You don’t have to do it alone: the self-paced module series helps answer tough questions with in-depth research, ready-to-use resources, and thought-provoking questions. Within each of the eight units are 5 self-paced modules directing the students through learning, as well as supplemental educator supports and family content.

  1. Engage the village

The old African adage of “it takes a village to raise a child” is as true as ever. Families play one of the most important roles in helping to mold their children’s money habits. They serve as role models for financial behavior and can encourage their children to develop good financial habits.

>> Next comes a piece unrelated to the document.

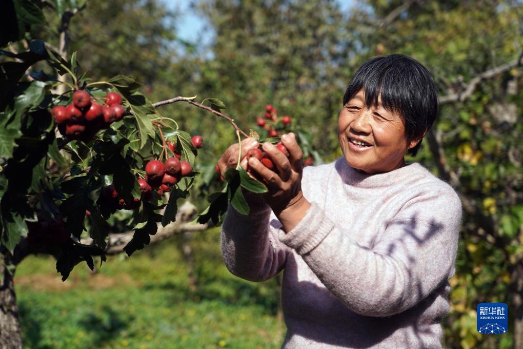 10月10日,村民在北京市平谷区熊儿寨乡魏家湾村的一处红果种植园采摘红果。

Help make a lasting educational impact by connecting what students learn in school with what they see at home. The learning units offer family connection tips and insights. From conversation starters, to information about insurance, credit, and loans, the units support students as they explore the many facets of financial responsibility.

Some of the tips include:
• Making finances visible: Nowadays many financial transactions happen without children being aware of them. If your paycheck is automatically deposited and/or your bills are paid online, your child may not recognize that these are happening. Share a recent bill with your child and discuss how it is paid. Talk about where your income goes.
• Setting family financial goals and tracking the progress: Perhaps your family wishes to pay off a debt or save for a big expense such as a vacation, new car, or fun experience. Discuss your family goal and provide regular updates about progress. If setbacks occur, address them and talk about how to get back on track.
• Reframing the message: Instead of saying, “We can’t afford that,” try, “That is not something we choose to use our money for” or “That is something we will need to save money to purchase.” Doing so places the emphasis on the financial choice rather than the availability of money.
• Allowing your child to make mistakes with their money: Some of the best lessons are learned from making poor choices and living with the consequences. Use these as teachable moments and discuss what can be learned and how he or she can make a better choice the next time.
• Admitting your own limitations: It is okay if you are still learning to have good money habits yourself or there are financial concepts you don’t understand. It’s a perfect opportunity to learn together, and to bond, with your teen.

Above all, give students the resources they need to feel empowered to define their own goals and make their dreams come true. By encouraging them to consider financial literacy early, you can play a major role in helping students can go out into the world on a pathway of success.